Шевеля рыжими усами и широко открывая в улыбке крупные белые зубы, Бектогай кивнул.
— Вы приказали, Абай-мирза, ваши слова держать в голове, а свои говорить людям. Хорошо, согласен. Хотя и есть у казахов поговорка: «Плохой бий пользуется чужим», — я всегда предпочитал унести от вас в кармане, а не в голове.
Бектогай намекал на новые стихи Абая, которых он еще не знал, но хотел бы, по своему обыкновению переписать и унести с собой, чтобы потом выучить на память и пустить в ход, выступая перед народом. Абай с удовольствием смотрел в живое дружелюбное лицо своего собеседника и думал о том, что этому человеку можно доверить любое самое трудное дело.

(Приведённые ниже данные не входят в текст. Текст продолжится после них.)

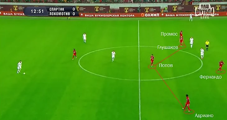 При этом без мяча «Спартак» перестраивался на схему 4-1-4-1. Луис Адриано, деливший атаку с Зе Луишем, опускался на левый фланг, Глушаков перемещался примерно на одной линии с Поповым, а Фернандо оставался в любимой роли страхующего. Адриано на фланге – вещь очень странная, но жизнеспособная: в ряде ситуаций именно бразилец страховал Комбарова, а не наоборот. Что, если в Адриано Массимо Каррера видит своего Марио Манджукича? В его возможности, как левого полузащитника, тоже не особо верили.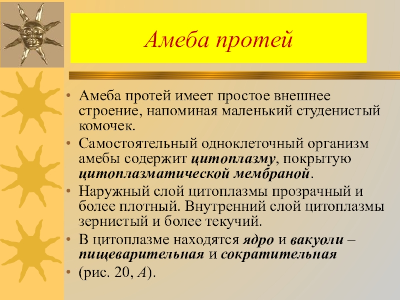 Она обладает раздражимостью – способностью отвечать на воздействие окружающей среды. Амеба протей не имеет постоянной формы тела, так как цитоплазма постоянно образует выпячивания – ложноножки, с помощью которых она передвигается.

— Бумага эта, по всей видимости, немаловажная, — продолжал Бектогай. — Думаю, что она мне ох как пригодится! И вы не беспокойтесь: не только чужой глаза ее не увидит, никто не заподозрит даже, что она и на свете-то есть.
С этим обещанием Бектогай уехал.
К Абаю приходили также и Сеит с Абеном с той стороны; посоветовались и ушли. Побывал у него и бий Кали Акбасов, с которым поэт и раньше встречался по разным делам. И хотя Кали разделял далеко не все взгляды Абая, но за одно он ухватился крепко — за протест против назначения муфтия.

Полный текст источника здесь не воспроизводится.